The city is unkind to its strangers. This is the first lesson imparted to me by an entity wholly separate from Ma.
Twice I am shoved aside by rushing merchants and their glum sons, sent stumbling into their booths that line the riverine street like chunks of quartz. Twice my fall sends crashing to the cobblestones a rain of sparkling wares; and twice I am spat at by a flock of silk-lathered merchant wives, descending upon me like sparrowhawks.
I jerk backwards when a woman with a face made all of angles sweeps down from her perch and snaps her teeth at my neck. The consonants she makes are so jumbled by her tongue, so different to Elder and Ma and I's lyrical words, that I am swept across the street again before I realize she'd called me a thief.
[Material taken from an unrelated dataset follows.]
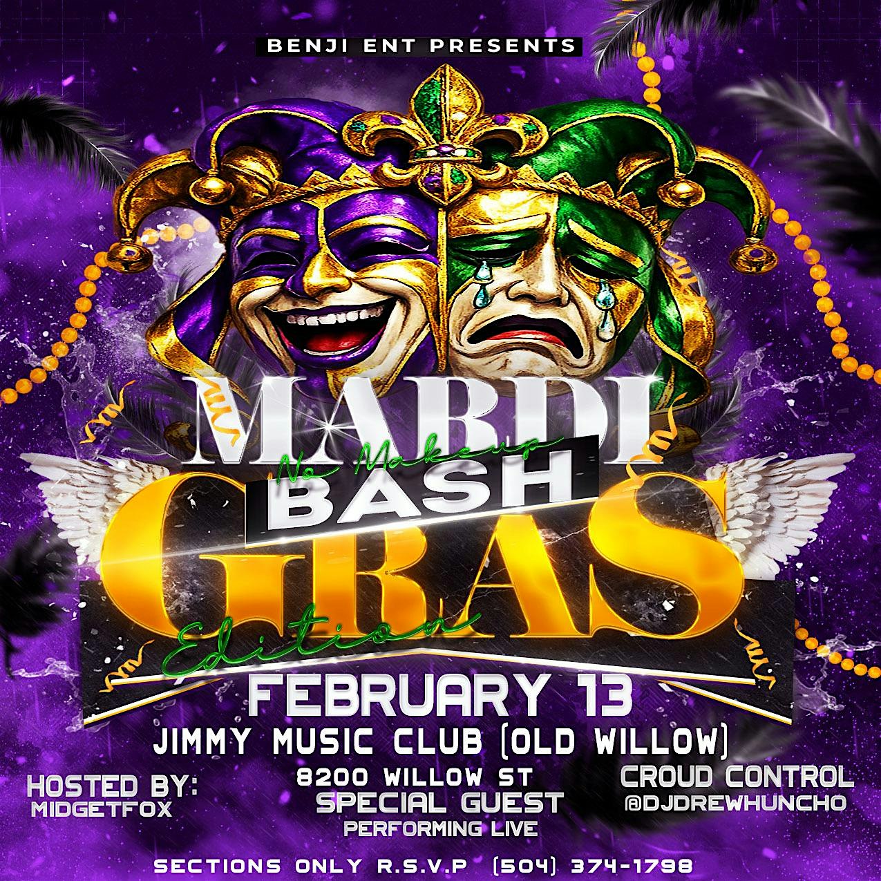 by admin07Feb BENJI ENT: NOMAKEUP BASHH MARDI GRAS EDITION at Jimmy’s Music Club – New Orleans, LA BENJI ENT: NOMAKEUP BASHH MARDI GRAS EDITION at Jimmy’s Music Club – New Orleans, LA 1 1 people viewed this event. Get ready to party like it’s Mardi Gras with BENJI ENT at the NOMAKEUP BASHH – it’s gonna be wild! Tickets-RSVP Link Date And Time Saturday, February 14th, 2026 04:00 AM (PST) Venue Jimmy's Music Club Location 8200 Willow Street Event Types Mardi GrasParty or Social Gathering Event Category LouisianaNew Orleans Share With Friends Facebook Twitter Linkedin Xing Pinterest Share This Post:

"I am not a thief!" I scream, and scream again, this time in wordless fury, when my voice is drowned to death by the gleeful laughter of the city.
Fleeing into the shadows of another alley, I grope inside the eye of my mask and clutch at the cool stones of the sapphire necklace. The high noon sun shines bright and misleading, summer-yellow instead of winter-bleak, and I recoil farther into the dwindling shade.
I will die here, and my body will be collected days later and left to rot in an unmarked grave.
I am becoming ever more certain of my future when I am broken from my reverie by a soft voice, drifting above me. "Are you alright?" she asks, but made faceless by a halo of blazing sun, she is just another merchant's wife, just another laughing boy.
I turn towards her, hissing. "Does this alley belong to you? Are you here to sweep me out of it, back into the street?"
My grip tightens on my sapphires; they are the only solace, the only physical reminder I have that I am apart of something other, something better, than this city and its rat-filled sewers. Pain spikes my stomach; bile fills up my throat.
Only an hour in the city and I am already smelling of it; of spoiling, of tar, of vermin. I will die here, and there will be no one to mourn me but the moon.